Description of the task — The answer is an exact repetition of every entry, with all images left out.

(Collection entries)
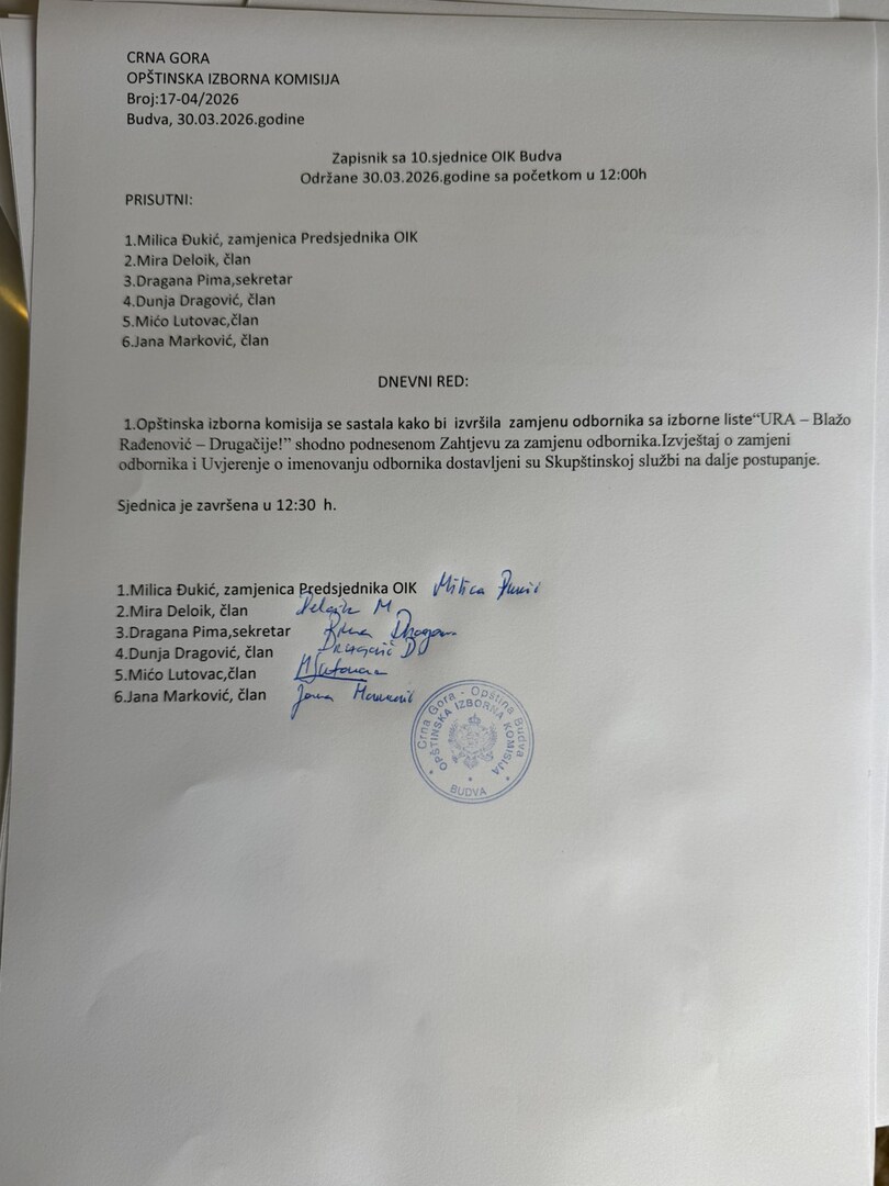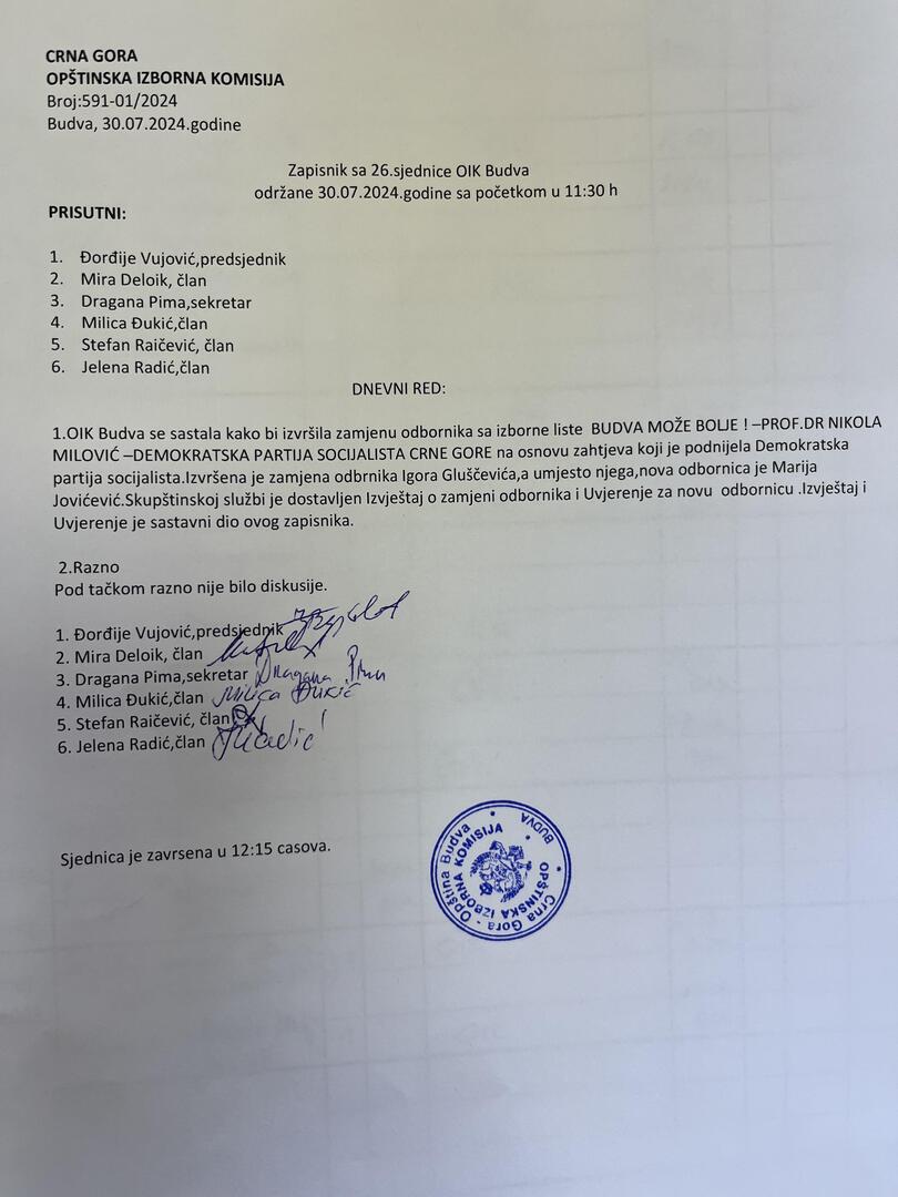 Zapisnik sa VI sjednice OIK Budva održane 09.05.2022. godine u 17:00 časova
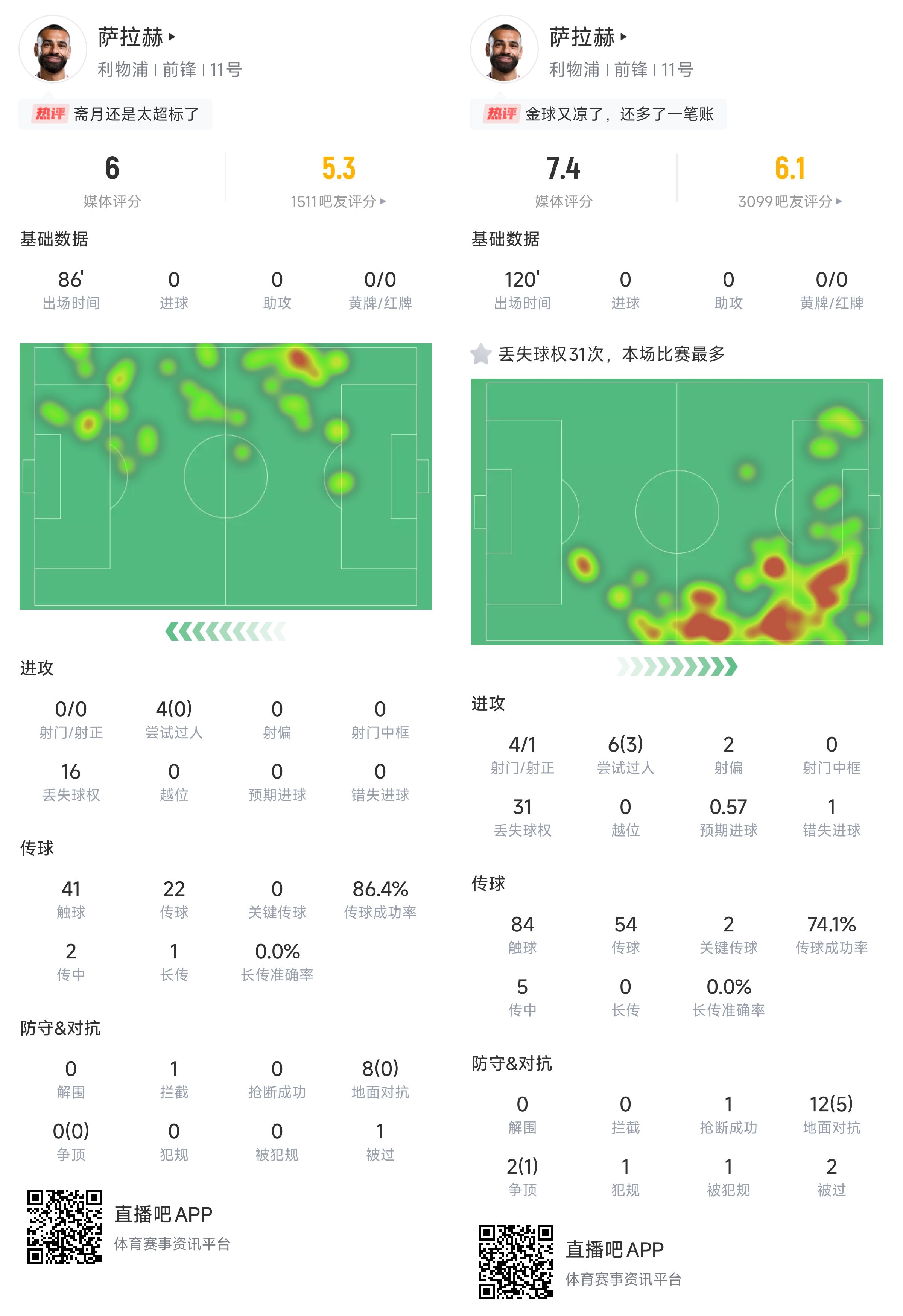 薩拉赫在兩回合的表現(xiàn)中都不算好。首回合埃及法老多項數(shù)據(jù)掛零,甚至可以說是極差,第86分鐘的時候被換下。次回合薩拉赫狀態(tài)轉(zhuǎn)好,但是仍不佳。本場他打滿全場并在點球大戰(zhàn)罰進(jìn),賽中4射1正,過人6次成功3次,對抗14次成功6次,觸球84次丟失球權(quán)31次……
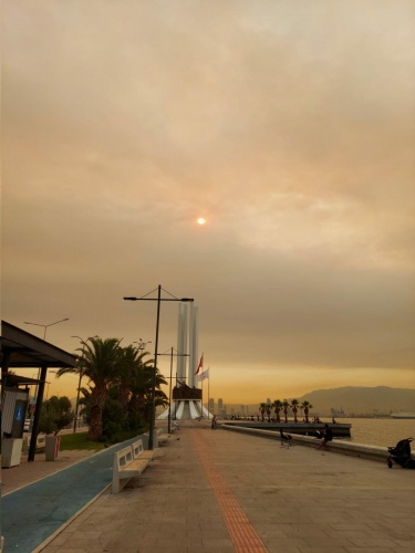 "Bugün, ilk saatlerden itibaren rüzgarların batı ve güneyli yönlere dönmesi ile ülkemizde ve Avrupa'da hafta boyunca ortaya çıkan orman yangınlarının oluşturduğu duman ve partikül madde kirleticiler ile Afrika üzerinden gelen toz taşınımı İzmir, Aydın, Manisa, Çanakkale ve Balıkesir'de etkili olmaktadır.
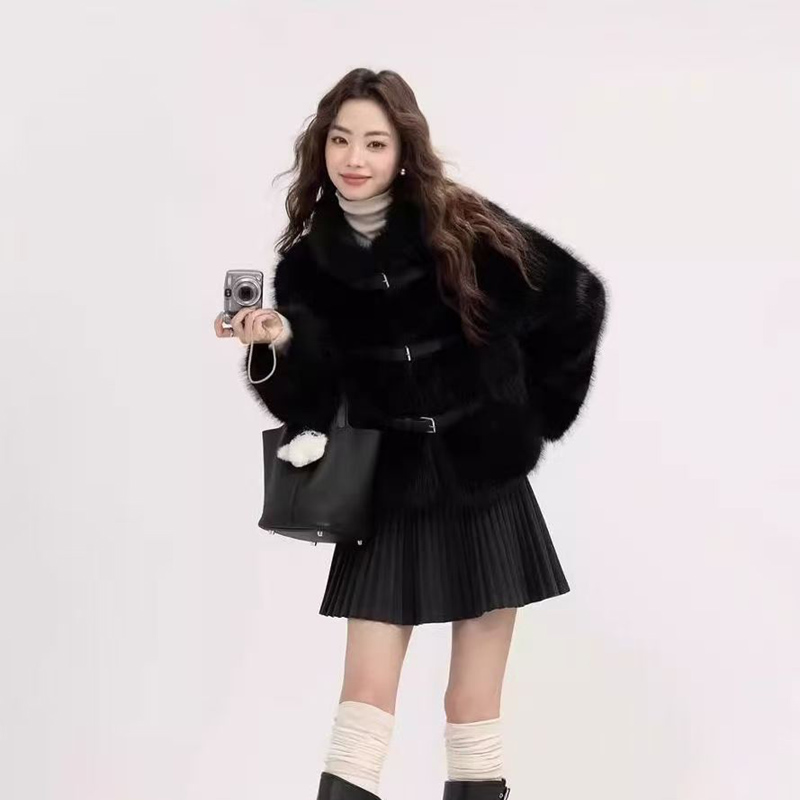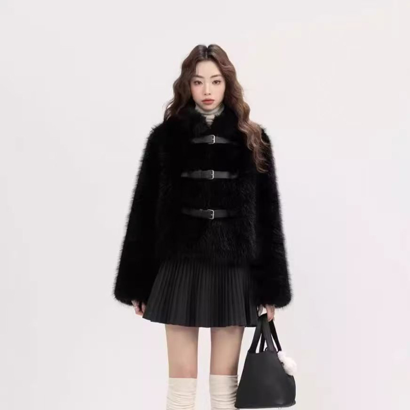 YF6658-图片色时尚冬装新款系扣设计长袖套头仿狐狸毛环保皮草大衣外套
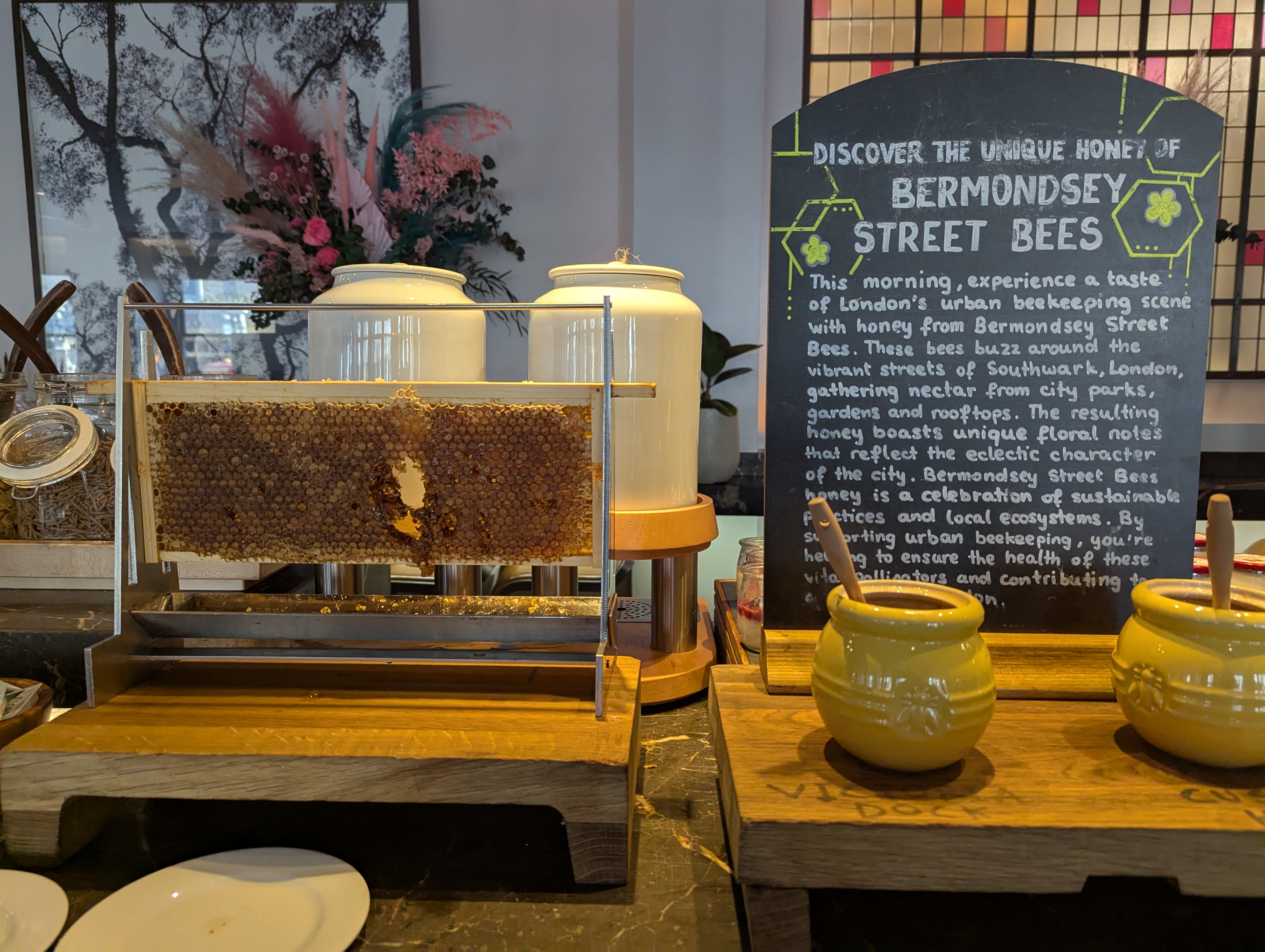 We stayed this time at the Andaz London, a very nice hotel on Liverpool street that briefly came into our price point during this trip. On only one other occasion while visiting London was breakfast included in the price of the room, but the Andaz’s breakfast had such interesting and extensive options I feel like I want to pay more attention to this feature when selecting hotels in the future. Although it’s fun finding new places to eat for each meal, it was very relaxing to start the day in our own restaurant and fun to try the many different options they offered. For example, salad. Charcuterie. Also the usual stuff–toast, croissants, waffles, eggs, smoothies, fruit, yogurt.

Output of the task —
 Zapisnik sa VI sjednice OIK Budva održane 09.05.2022. godine u 17:00 časova
 薩拉赫在兩回合的表現(xiàn)中都不算好。首回合埃及法老多項數(shù)據(jù)掛零,甚至可以說是極差,第86分鐘的時候被換下。次回合薩拉赫狀態(tài)轉(zhuǎn)好,但是仍不佳。本場他打滿全場并在點球大戰(zhàn)罰進(jìn),賽中4射1正,過人6次成功3次,對抗14次成功6次,觸球84次丟失球權(quán)31次……
 "Bugün, ilk saatlerden itibaren rüzgarların batı ve güneyli yönlere dönmesi ile ülkemizde ve Avrupa'da hafta boyunca ortaya çıkan orman yangınlarının oluşturduğu duman ve partikül madde kirleticiler ile Afrika üzerinden gelen toz taşınımı İzmir, Aydın, Manisa, Çanakkale ve Balıkesir'de etkili olmaktadır.
 YF6658-图片色时尚冬装新款系扣设计长袖套头仿狐狸毛环保皮草大衣外套
 We stayed this time at the Andaz London, a very nice hotel on Liverpool street that briefly came into our price point during this trip. On only one other occasion while visiting London was breakfast included in the price of the room, but the Andaz’s breakfast had such interesting and extensive options I feel like I want to pay more attention to this feature when selecting hotels in the future. Although it’s fun finding new places to eat for each meal, it was very relaxing to start the day in our own restaurant and fun to try the many different options they offered. For example, salad. Charcuterie. Also the usual stuff–toast, croissants, waffles, eggs, smoothies, fruit, yogurt.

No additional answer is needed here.